The Louisiana Constitution requires that to get state approval, a nonpublic school must have a curriculum at least as strong as the state’s. The state, however, can’t dictate what is taught.

White said he’s considering a graduated scale for the approval process that allows larger schools that are accredited by an independent agency, such as the Southern Association of Colleges and Schools, to receive a less stringent review. Accreditation by a panel somewhat associated with a school would not fit that category.

Section VII, Section IV:

§4. Approval of Private Schools

Section 4. Upon application by a private elementary, secondary, or proprietary school with a sustained curriculum or specialized course of study of quality at least equal to that prescribed for similar public schools, the State Board of Elementary and Secondary Education shall approve the private school. A certificate issued by an approved private school shall carry the same privileges as one issued by a state public school.

There is no possible way that Superintendent White or any other elected or appointed official can honestly argue that schools like New Living Word in Ruston or Cenla Christian Academy in Pineville, among others, offer a curriculum “as strong as the state’s,” regardless of the “accrediting body” upon which they may rely. Schools that offer ACE, Bob Jones University, and/or ABeka curricula are inherently, indeed purposely, not as strong or as rigorous. Considering that the vast majority of private colleges and universities in the country and the entire public university system in the State of California can, by law, reject college applicants on the basis of the strength and merits of the coursework they took in high school, many of the schools that Superintendent John White approved for taxpayer funding under Bobby Jindal’s voucher program are in violation of the Louisiana State Constitution.

It’s open and shut.

And that, I imagine, is why Superintendent White is now frantically attempting to change the standards for private schools, to make it appear to the media and the public as if he has suddenly decided to get “tougher.”

How much tougher? That is not disclosed.

Let’s face it: The entire program has been exposed as a scam, a mega-million dollar giveaway of taxpayer dollars to fly-by-night, get-rich-quick operators and struggling far-right and religiously conservative education profiteers who seek to exploit the program to change their bottom lines. Jindal’s voucher program isn’t the one that he’d like to believe he’s selling: It’s not concerned with providing working class, inner-city families the ability to take their child out of a failing school and place them into a thriving private or parochial school. Instead, the program was conceived more like a venture capitalist experiment: They’ve never been concerned with actually giving families the money for these vouchers; they’ve been far more concerned with the ways in which they can allot voucher funding to a pre-selected number of schools for a pre-selected number of spots to support and fund an entirely new creation(something which likely violates the Lemon Test of the US Supreme Court on at least three different levels).
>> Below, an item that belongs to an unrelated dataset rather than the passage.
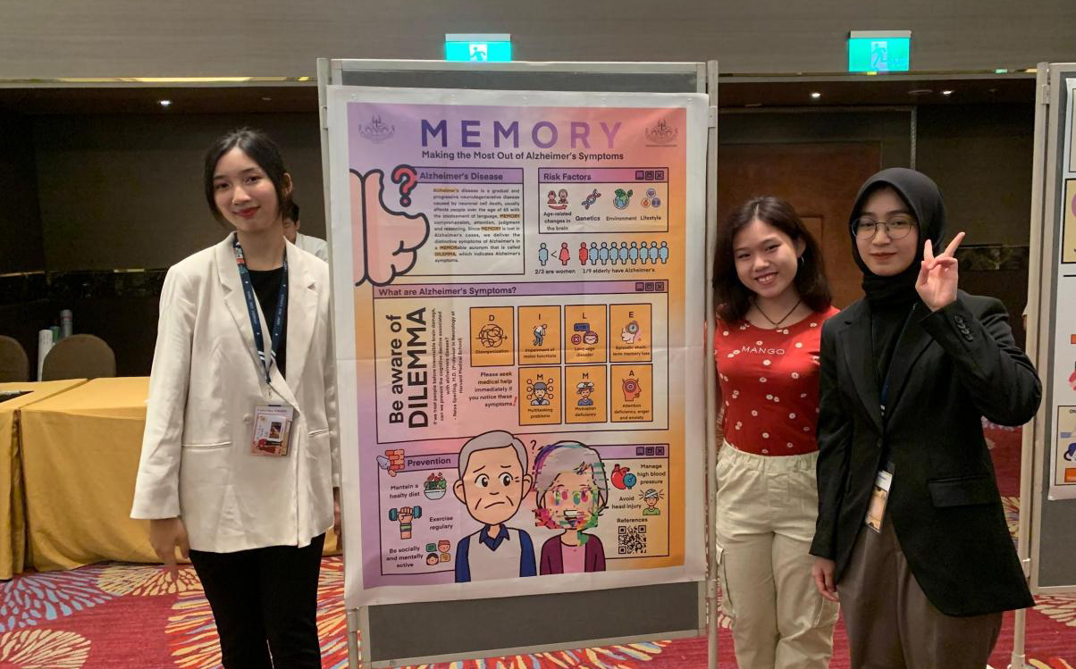The AMSA Undip team consists of 3 (three) members: Aditya Putri Setyanegari, Fadya Safitri, and Elizabeth Charissa Atmawidjaja. All three are Medical students class of 2022. As a supervisor, dr. Ryan Halleyantoro, M. Biomed, Sp. Par(K). Representing the team, Aditya Putri Setyanegari explained, “Our Public Poster entitled MEMORY: Making the Most Out of Alzheimer’s Symptoms aims to provide understanding to the wider community regarding the urgency of knowing the symptoms of Alzheimer’s disease. Our poster contains a definition of Alzheimer’s disease, risk factors for Alzheimer’s disease, and symptoms of Alzheimer’s disease, which we package in an acronym, “DILEMMA,” along with ways to prevent Alzheimer’s disease. We hope that people who read our posters can understand Alzheimer’s disease and the symptoms of Alzheimer’s disease so that medical treatment can be obtained as early as possible and prevent Alzheimer’s disease from getting worse,” she said.

But regardless, this, interestingly, doesn’t even touch the Establishment Clause arguments– that is, vouchers are unduly violating the separation of church and state. This is much more simple: This is about the strength of curriculum. If private schools aren’t as rigorous as public schools, then they are not entitled to public money, per the Louisiana STATE Constitution. And to be honest, though it’s an argument that seems to have snuck on them, it’s one that many of their opponents have kept in their back pockets, which explains, in part, Superintendent Whites’s response.

4 thoughts

  1. I couldn’t agree more vigorously with your points. But, the questions remain, who also has the same thoughts, and more importantly, what can be done about it?

  2. This article makes a fine point. However, it does not touch on the unconstitutionality of taking Minimum Foundation funds and sending such monies to nonpublic schools. October 15h is fast approaching.